Mittwoch, 23.05.2012
iPad | MT-Blogs | MTMobil | Impressum | Kontakt | Sitemap | Newsletter

08.10.2011
Sterilisation mit "Versicherung"
Aufbereitung von Medizinprodukten für Krankenhaus Lübbecke nach Minden verlagert
VON HARTMUT NOLTE

Minden/Lübbecke (mt). Seit etwa drei Wochen werden auch die Instrumente für die Operation im Krankenhaus Lübbecke in Minden keimfrei gemacht. Die Sterilisation ist ins Johannes-Wesling-Klinikum umgezogen.
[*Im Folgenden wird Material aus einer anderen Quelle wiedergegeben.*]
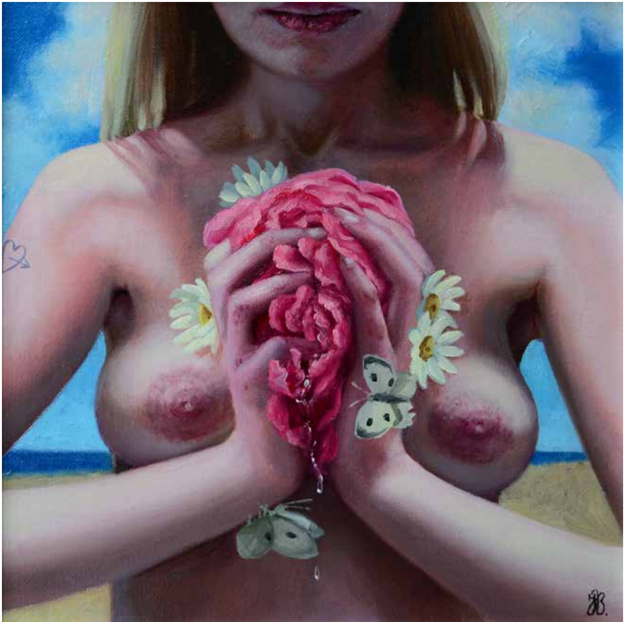
Sacred Heart, 2018 8 x 8" Oil on canvas

Höchste Ansprüche werden die Sterilität von Instrumenten im OP-Bereich der Krankenhäuser gestellt. | Foto: ddp

Als Grund nennt der Mühlenkreiskliniken-Verbund (MKK) in der Antwort auf eine MT-Anfrage wachsende Anforderungen im Instrumentenmanagement. Perspektivisch hätte sich ein hoher Investitionsbedarf in Lübbecke ergeben. Mit einer Erweiterung der Intensiv- und Anästhesieabteilung in Lübbecke habe das nichts zu tun.

Eine kurzfristige Kostenersparnis ergebe sich allerdings auch nicht. "Die Projekte im Modernisierungsprozess verfolgen nicht ausschließlich die Zielsetzung einer Kostenreduzierung, sondern beinhalteten auch strategische Planungen zur optimalen Ausrichtung und Positionierung aller Häuser im Klinikverbund. Dies ist im Falle des Projektes Steri der Fall", heißt es in der Erklärung der MKK.

Durch eine Ausweitung der Betriebszeiten und eine Reorganisation reichten die Kapazitäten in der Zentralsterilisation im Johannes-Wesling-Klinikum zurzeit aus, um das Instrumentarium auch aus den Krankenhäusern Lübbecke und Rahden aufzuarbeiten. Dies habe ein externer Gutachter bestätigt.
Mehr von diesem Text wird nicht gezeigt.